Task: In the entries below, begin at the line that has "beat365官方网站书画协" and stop after the line that has "Modular Guard System"; output those lines exactly, leaving out pictures.

Data provided:
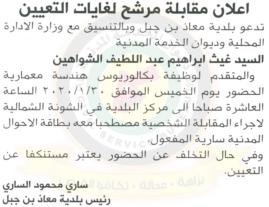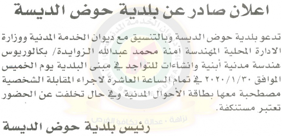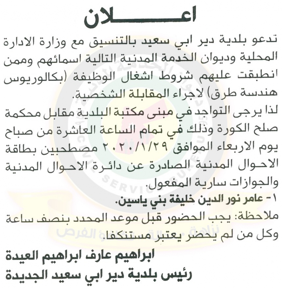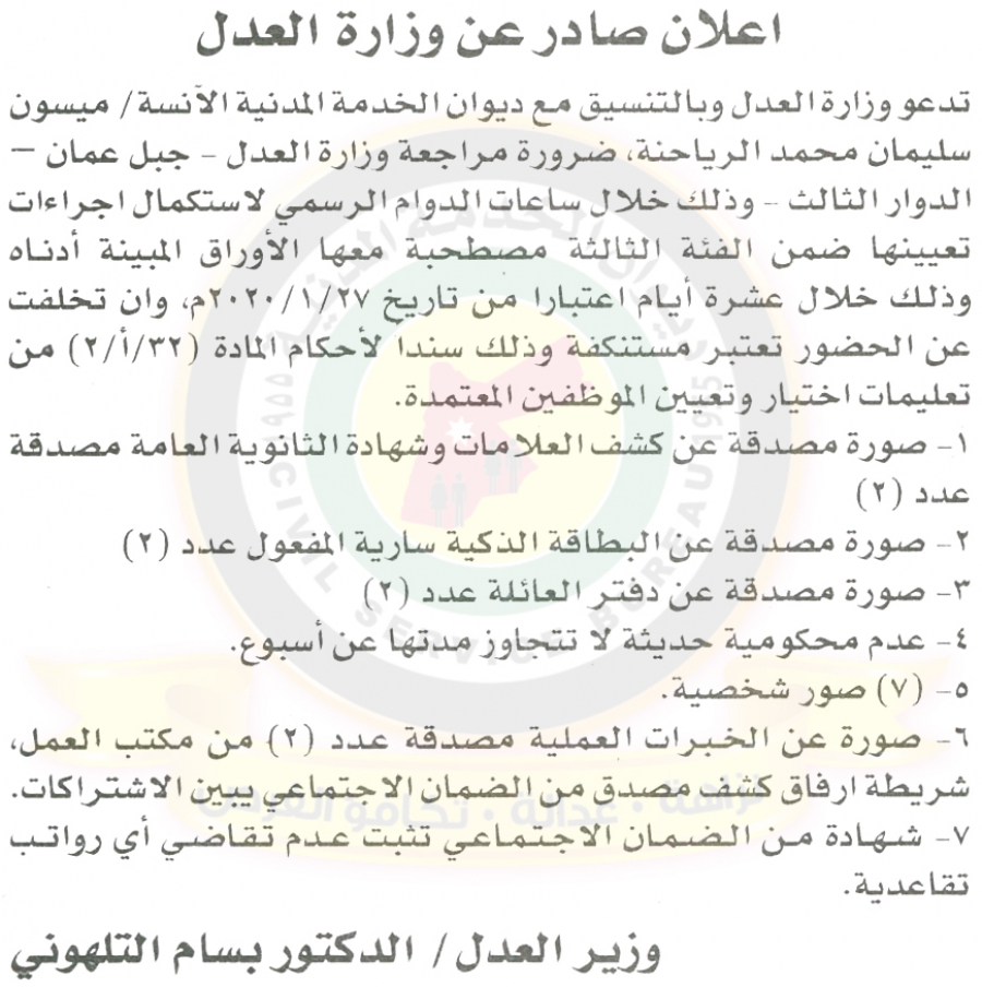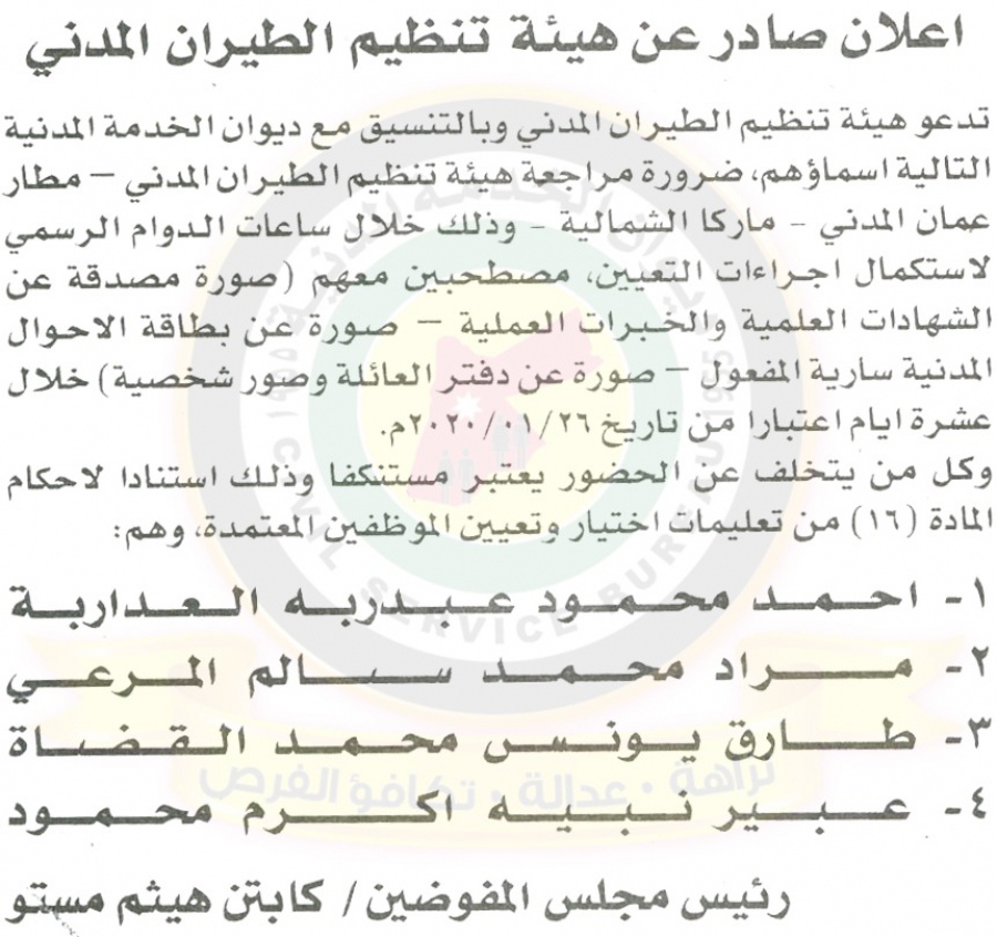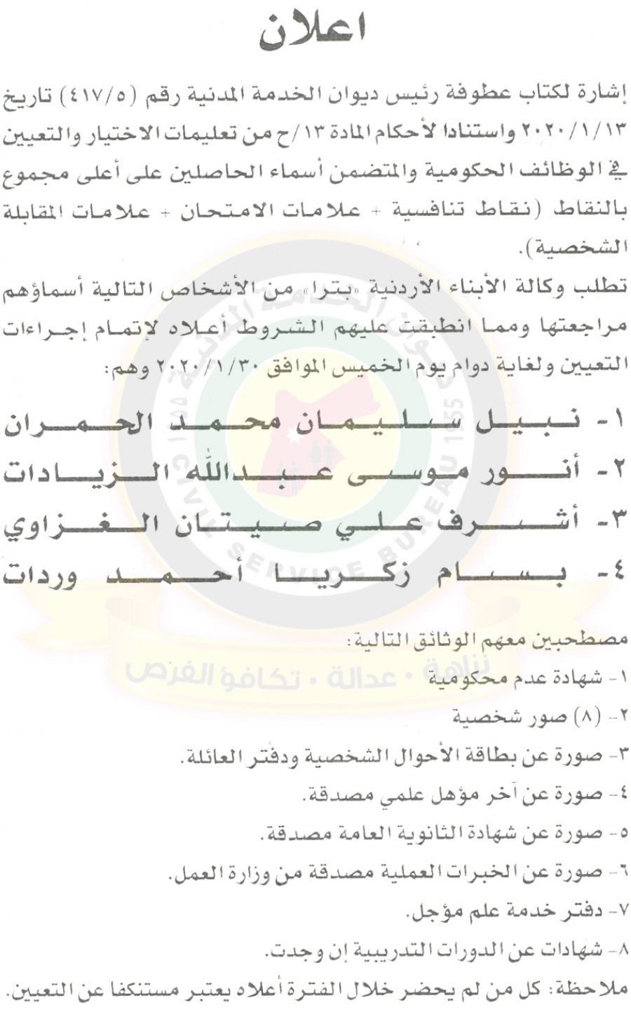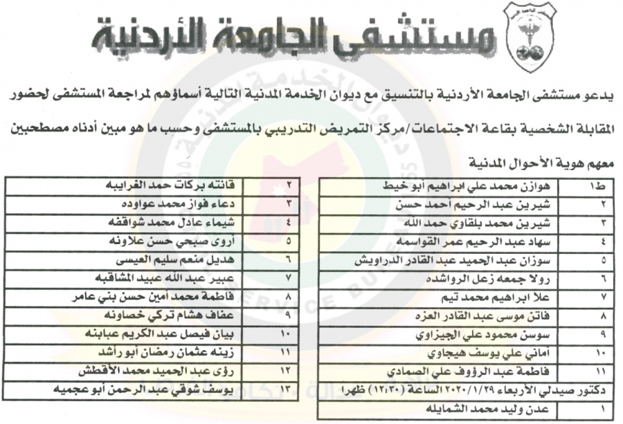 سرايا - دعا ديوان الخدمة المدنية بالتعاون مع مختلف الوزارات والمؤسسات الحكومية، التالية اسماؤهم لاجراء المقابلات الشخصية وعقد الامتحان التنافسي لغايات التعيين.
---
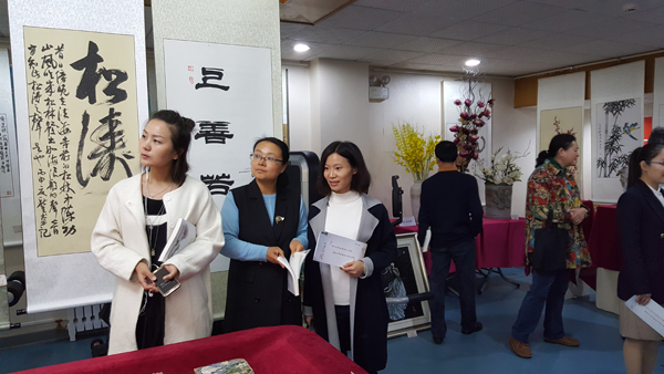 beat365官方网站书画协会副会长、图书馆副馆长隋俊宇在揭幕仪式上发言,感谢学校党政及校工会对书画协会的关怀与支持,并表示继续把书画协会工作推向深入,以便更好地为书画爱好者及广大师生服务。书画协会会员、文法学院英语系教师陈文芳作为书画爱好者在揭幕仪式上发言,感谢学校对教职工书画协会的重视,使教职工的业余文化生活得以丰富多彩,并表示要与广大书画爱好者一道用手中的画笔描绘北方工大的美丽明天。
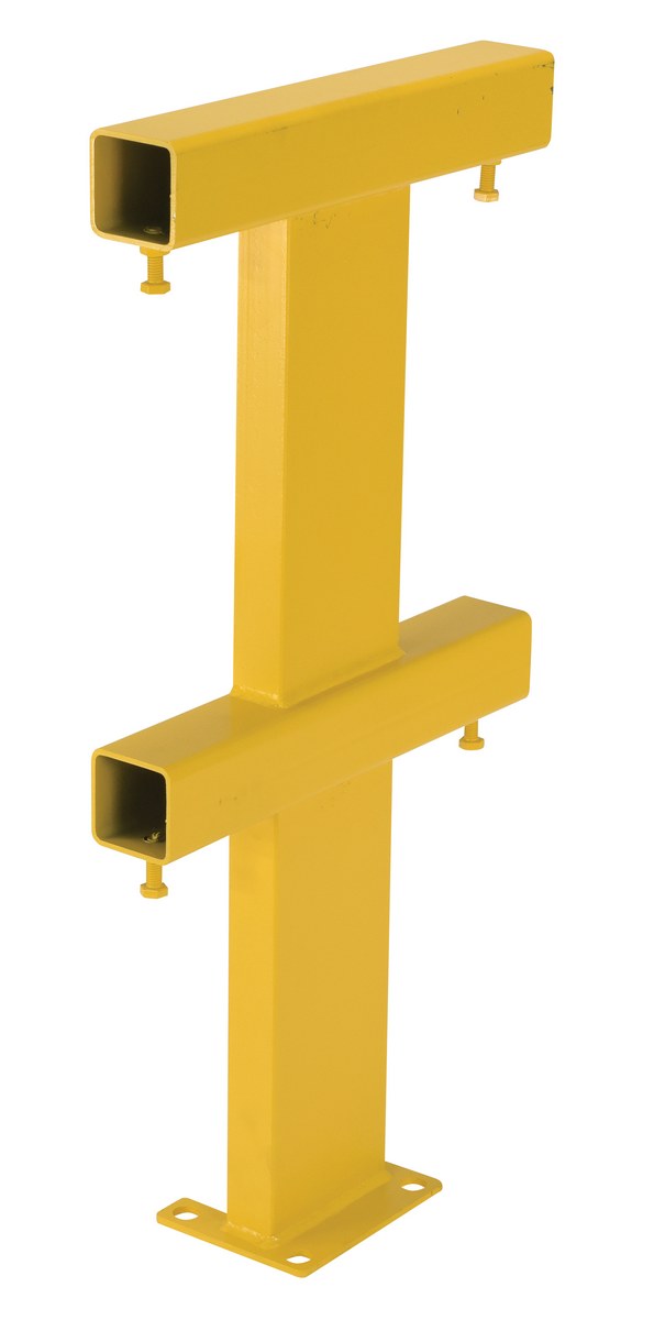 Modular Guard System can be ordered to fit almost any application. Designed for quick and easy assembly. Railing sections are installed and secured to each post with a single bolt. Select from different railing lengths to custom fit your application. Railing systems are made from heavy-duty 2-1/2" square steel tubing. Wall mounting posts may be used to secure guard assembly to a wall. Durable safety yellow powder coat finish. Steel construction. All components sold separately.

Answer below:
 beat365官方网站书画协会副会长、图书馆副馆长隋俊宇在揭幕仪式上发言,感谢学校党政及校工会对书画协会的关怀与支持,并表示继续把书画协会工作推向深入,以便更好地为书画爱好者及广大师生服务。书画协会会员、文法学院英语系教师陈文芳作为书画爱好者在揭幕仪式上发言,感谢学校对教职工书画协会的重视,使教职工的业余文化生活得以丰富多彩,并表示要与广大书画爱好者一道用手中的画笔描绘北方工大的美丽明天。
 Modular Guard System can be ordered to fit almost any application. Designed for quick and easy assembly. Railing sections are installed and secured to each post with a single bolt. Select from different railing lengths to custom fit your application. Railing systems are made from heavy-duty 2-1/2" square steel tubing. Wall mounting posts may be used to secure guard assembly to a wall. Durable safety yellow powder coat finish. Steel construction. All components sold separately.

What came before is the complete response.